Warm glow for winter

How are you going to keep warm this winter? You could just crank up the central heating but that would be an expensive mistake. The best option is to close the curtains, snuggle up to the fire and grab a glass of something that will warm you from your tonsils to your toes.

One of my favourite winter warmers is Madeira. It doesn't just have power and flavour; it has complexity and a shot of clean acidity which powers across the palate and keeps the tastebuds fresh. And it seems that I am not alone. Sales of Madeira have leapt, growing by 20 per cent year on year. What this means is that it is much easier to find top-notch Madeiras. Only a few years ago a bottle of Madeira might languish at the back of a kitchen cupboard, brought out occasionally to splash in a sauce but now Madeira is mainstream, a mid-morning reviver, an afternoon indulgence or an accompaniment to fruit cake, mince pies and desserts.

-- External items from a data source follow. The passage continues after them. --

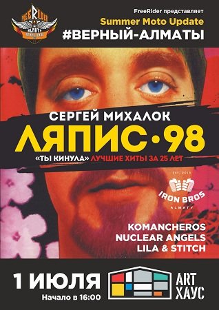 Всё закончится грандиозным концертом на крыше пространства Artхаус от легентарного Сергея Михалка: «Ляпис 98» с программой «Ты кинула. Лучшее за 25 лет».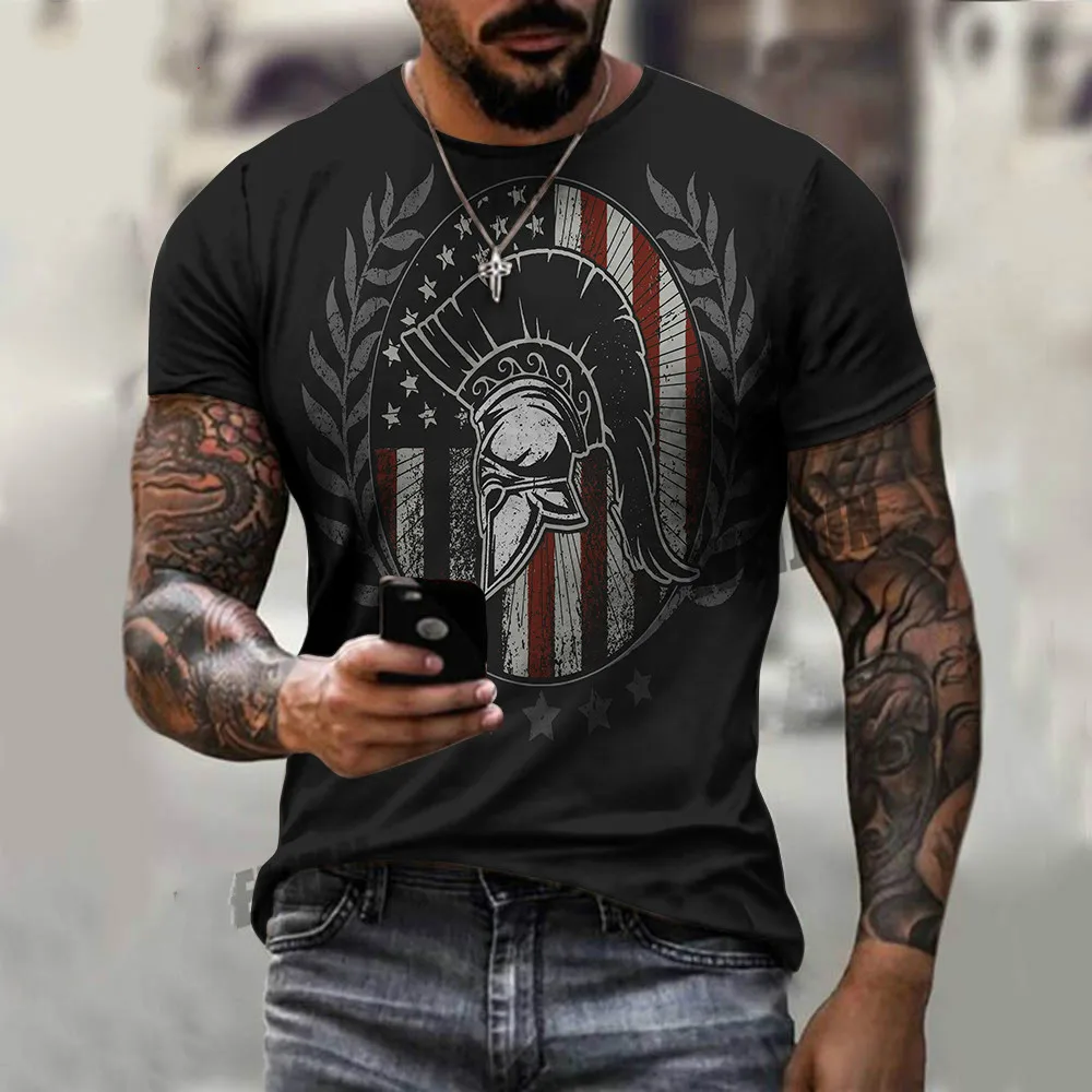 Футболка мужская с 3D принтом, спартанская ретро одежда, уличный ст...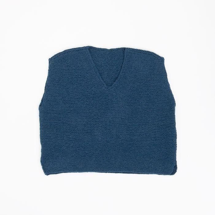 - ゴーシュ アルパカウールハンドニットVネックベスト(ブルー)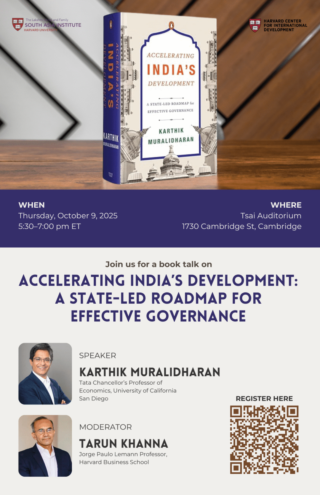 A book talk on “Accelerating India’s Development: A State-Led Roadmap for Effective Governance” with Prof. Karthik Muralidharan, Tata Chancellor’s Professor of Economics at the University of California San Diego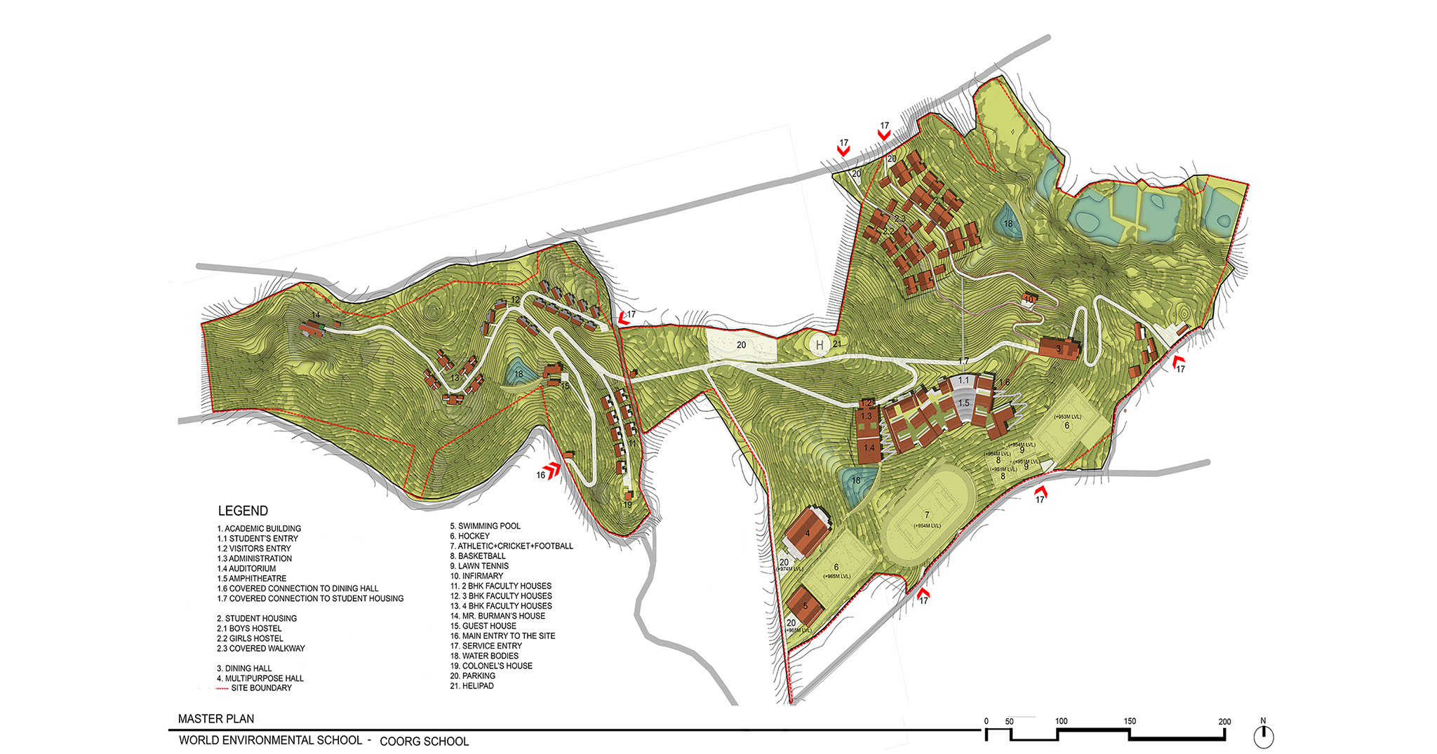 Treading lightly on the grounds by minimizing the building footprint and ensuring minimum cut and fill, thus optimizing the natural vegetation are the main attributes of the Master Plan.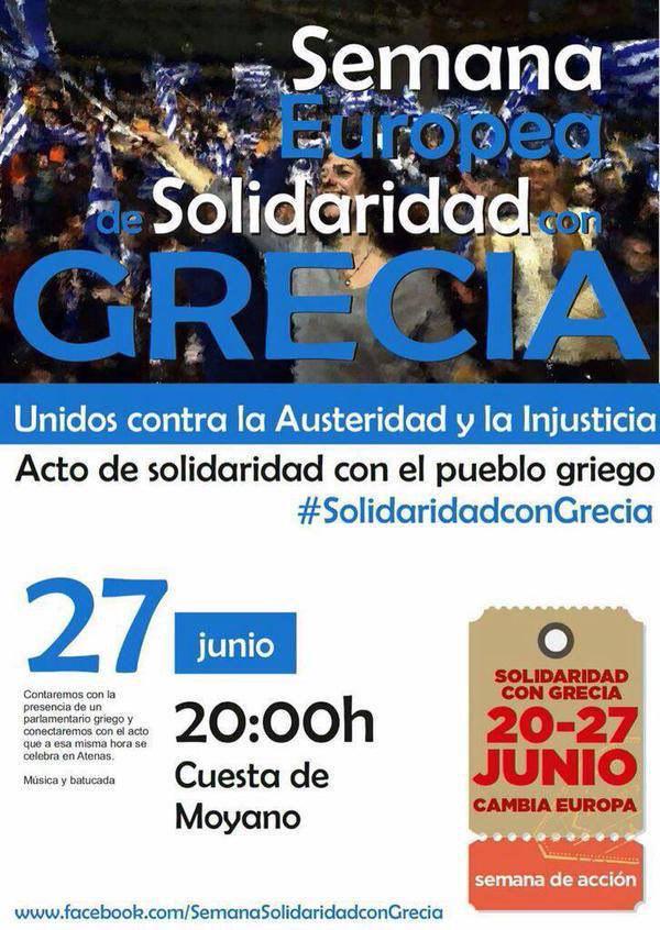 «Η γενναία ελληνική κυβέρνηση δίνει το λόγο στο λαό της. Δημοκρατία είναι όταν ο κόσμος αποφασίζει και για τα σημαντικά οικονομικά ζητήματα» αναφέρουν οι Podemos και στηρίζουν συγκέντρωση υπέρ του ελληνικού λαού στη Μαδρίτη, από κοινού με άλλα κόμματα και φορείς και στο πλαίσιο μιας «Ευρωπαϊκής Εβδομάδας Αλληλεγγύης στην Ελλάδα».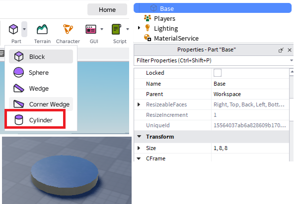 まずはタレットを作成します。「Part」の「Cylinder」を追加して土台にして名前を「Base」にします。
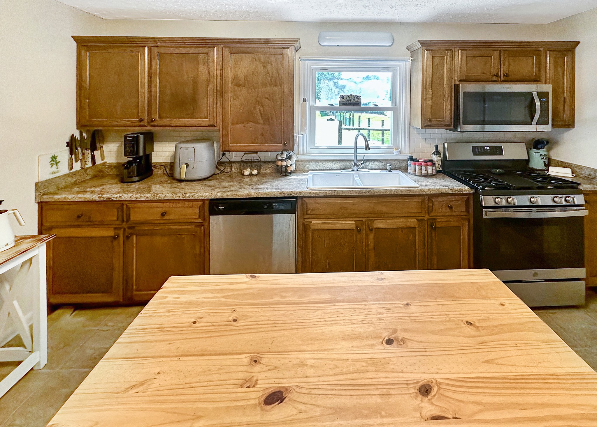 - AppliancesBuilt-In Gas Oven, Built-In Gas Range, Dishwasher, Microwave, Refrigerator, Stainless Steel Appliance(s)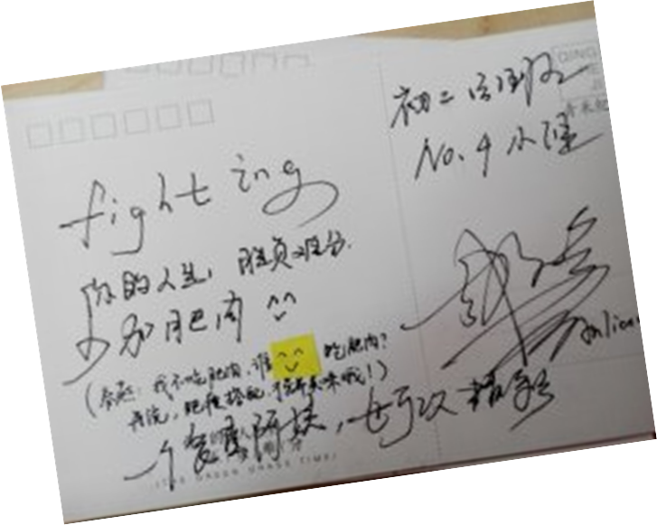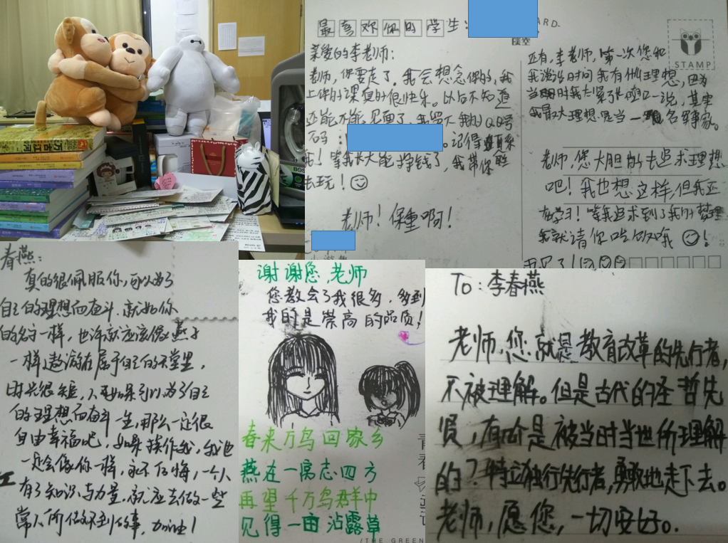 在职时,每一个教过的学生至少获得一张老师手写的卡片;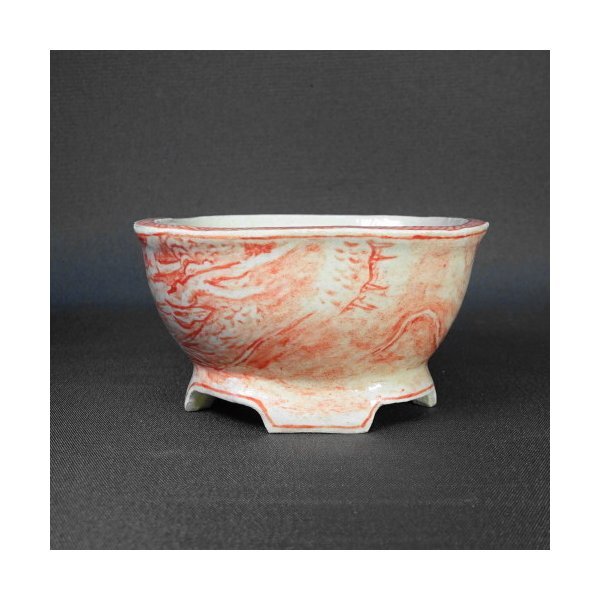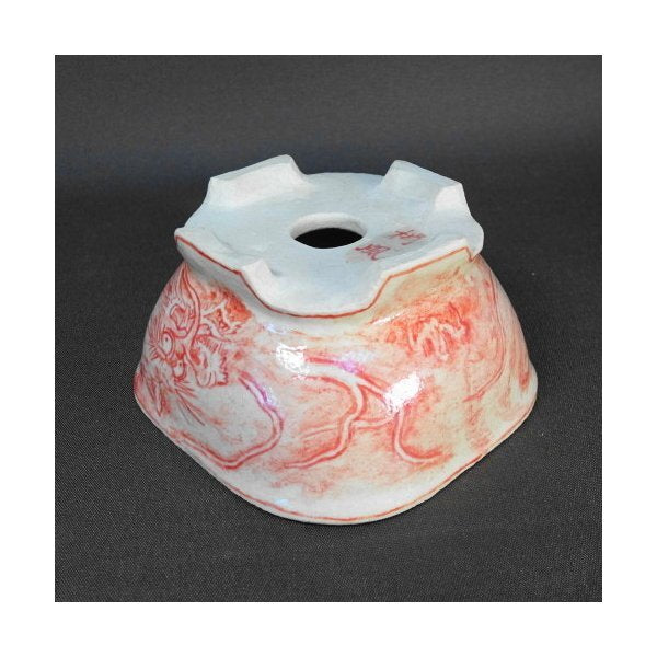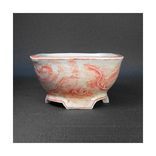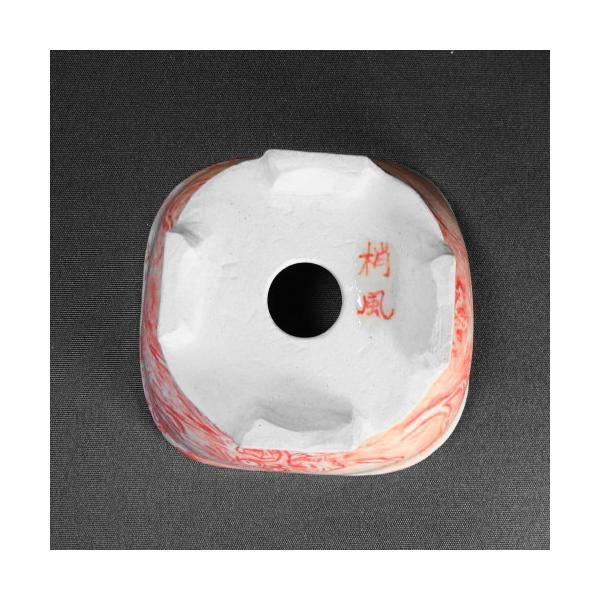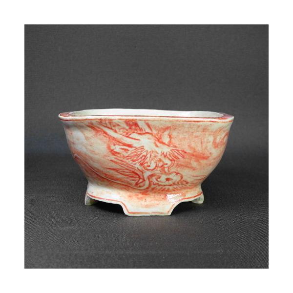 盆栽鉢 梢風 小鉢 長辺 約8.5cm 正方鉢 赤絵 龍図 竜 観賞用 現品 新品 品名梢風...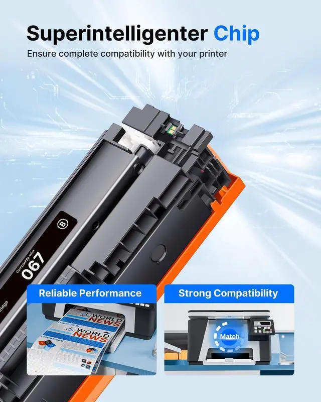 1. Latest Upgraded ChipCompatible for Canon 067 067H toner cartridges set come with UPGRADED CHIPS to ensure quality and compatibility with your printer ^^ 2. Printer Compatibility Compatible for Canon 067 067H Toner Cartridge Set Compatible with Canon imageCLASS MF656Cdw LBP632Cdw MF654Cdw MF653Cdw LBP633Cdw LBP631Cw MF651Cw MF656Cdw MF650C MF652Cdw MF652Cw LBP630C MF657Cdw MF655Cdw laser printer ^^ 3. Page Yieldup to 1, 350 pages per 067 Black Toner Cartridge and 1, 250 pages per 067 Color Toner Cartridge for Canon mf654cdw toner cartridge (at 5% coverage of A4/letter paper). ^^ 4. Package Included4 Pack of Compatible for Canon 067 Toner Cartridge Set Replacement for Canon Toner Cartridges 067 067H Toner Cartridges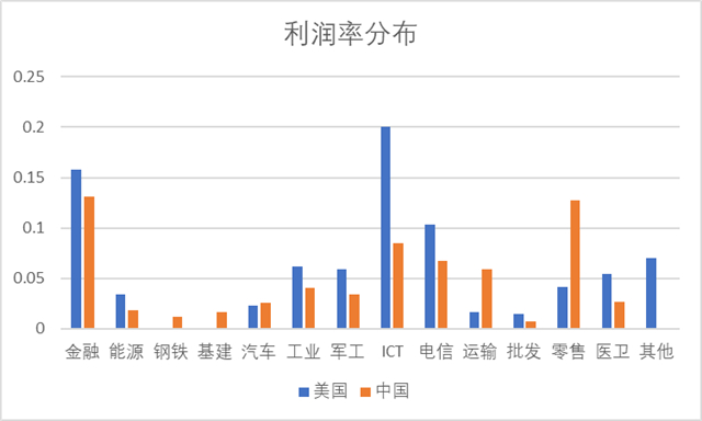 可以看出,美中公司在營收、資產、就業方面都相差不是很大,但中國公司的總利潤只有美國公司的一半左右。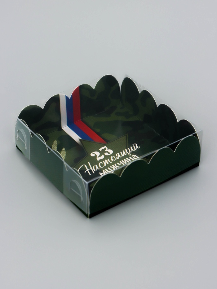 Прочный картон обеспечивает надежную защиту содержимого, а прозрачная крышка позволяет сразу оценить внешний вид угощений без необходимости открывать коробку.

Madeira is a green jewel of an island 400 miles into the Atlantic, off the coast of Morocco. Now a year-round holiday resort, it built its reputation as a calling point for ships sailing to America. The local wine didn't travel too well, so merchants added a bucket of brandy to each cask and then stowed them in the ship's hold. Strangely the wine arrived in better condition that it left, leading everyone to think that Madeira needed to travel before it was drunk. This started the most bizarre period in any wine's life when pipes of Madeira wine were sent on long journeys to aid maturation. These "Vinos da Roda" would set off for distant lands, only to be brought back again to be sold in London, usually with the name of the ship and the journey detailed alongside. The further the wine had travelled, the more expensive it became, until someone had the bright idea of leaving the wine in one place and maturing it in conditions which mimicked the slow rise and fall in temperature experienced by the wine on a long journey.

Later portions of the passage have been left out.